1. CONHECIMENTO DA APELAÇÃO CÍVEL

 De saída, verifica-se que a admissibilidade da presente Apelação Cível deve ser analisada tendo em vista o cumprimento dos requisitos previstos no Código de Processo Civil de 2015, vigente à época da interposição recursal.

 Os pressupostos extrínsecos de admissibilidade recursal encontram-se presentes no caso em tela, uma vez que a Apelação é tempestiva, atende aos requisitos de regularidade formal e o preparo não foi recolhido em razão da concessão da justiça gratuita no primeiro grau.

 Da mesma forma, presentes os pressupostos intrínsecos de admissibilidade, pois: a) a Apelação é o recurso cabível para atacar a decisão impugnada; b) a parte Apelante possui legitimidade para recorrer; e c) há interesse recursal para o apelo.

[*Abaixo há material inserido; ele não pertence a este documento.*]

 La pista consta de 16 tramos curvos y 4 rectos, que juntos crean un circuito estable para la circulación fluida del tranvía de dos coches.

 Assim, presentes os pressupostos extrínsecos e intrínsecos de admissibilidade recursal, conheço do recurso.


2. FUNDAMENTAÇÃO

 Conforme supracitado, in casu, a controvérsia cinge-se acerca da existência (ou não) de flagrante ilegalidade na questão de n°15 da prova tipo “A” do concurso para o Cargo de Soldado da Polícia Militar do Piauí, passíveis de anulação pelo poder judiciário.

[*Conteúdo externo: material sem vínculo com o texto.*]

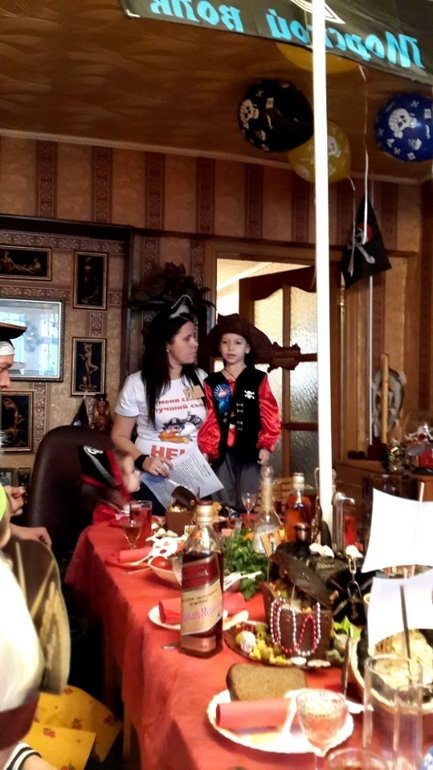 В общем все прошло отлично,я провела и организовала все,что подготовила и задумала,гости в восторге,для них было много сюрпризов на этой вечеринке,от оформления квартиры до приятного комплимента на пиратской карте на стене с их фото,в общем я довольна всем,нисколько не жалею потраченного времени, сил, нервов и конечно же финансов,люблю когда праздники проходят так,что есть что вспомнить,хорошо бы еще всегда позволяли финансы и силы проводить такие праздники чаще)))) Надеюсь мои идеи вам пригодятся и было интересно виртуально побывать на нашем ПИРАТСКОМ ПЯТИЛЕТИИ!!!

 Sobre o tema, importa registrar que o Supremo Tribunal Federal, em regime de repercussão geral (Tema 485), fixou a tese de que: “não compete ao Poder Judiciário substituir a banca examinadora para reexaminar o conteúdo das questões e os critérios de correção utilizados, salvo ocorrência de ilegalidade ou de inconstitucionalidade”.


Recurso extraordinário com repercussão geral. 2. Concurso público. Correção de prova. Não compete ao Poder Judiciário, no controle de legalidade, substituir banca examinadora para avaliar respostas dadas pelos candidatos e notas a elas atribuídas. Precedentes. 3. Excepcionalmente, é permitido ao Judiciário juízo de compatibilidade do conteúdo das questões do concurso com o previsto no edital do certame. Precedentes. 4. Recurso extraordinário provido. (STF, RE 632853, Rel. Min. GILMAR MENDES, Tribunal Pleno, julgado em 23/04/2015, ACÓRDÃO ELETRÔNICO REPERCUSSÃO GERAL - MÉRITO DJe-125 DIVULG 26-06-2015 PUBLIC 29-06-2015, negritou-se).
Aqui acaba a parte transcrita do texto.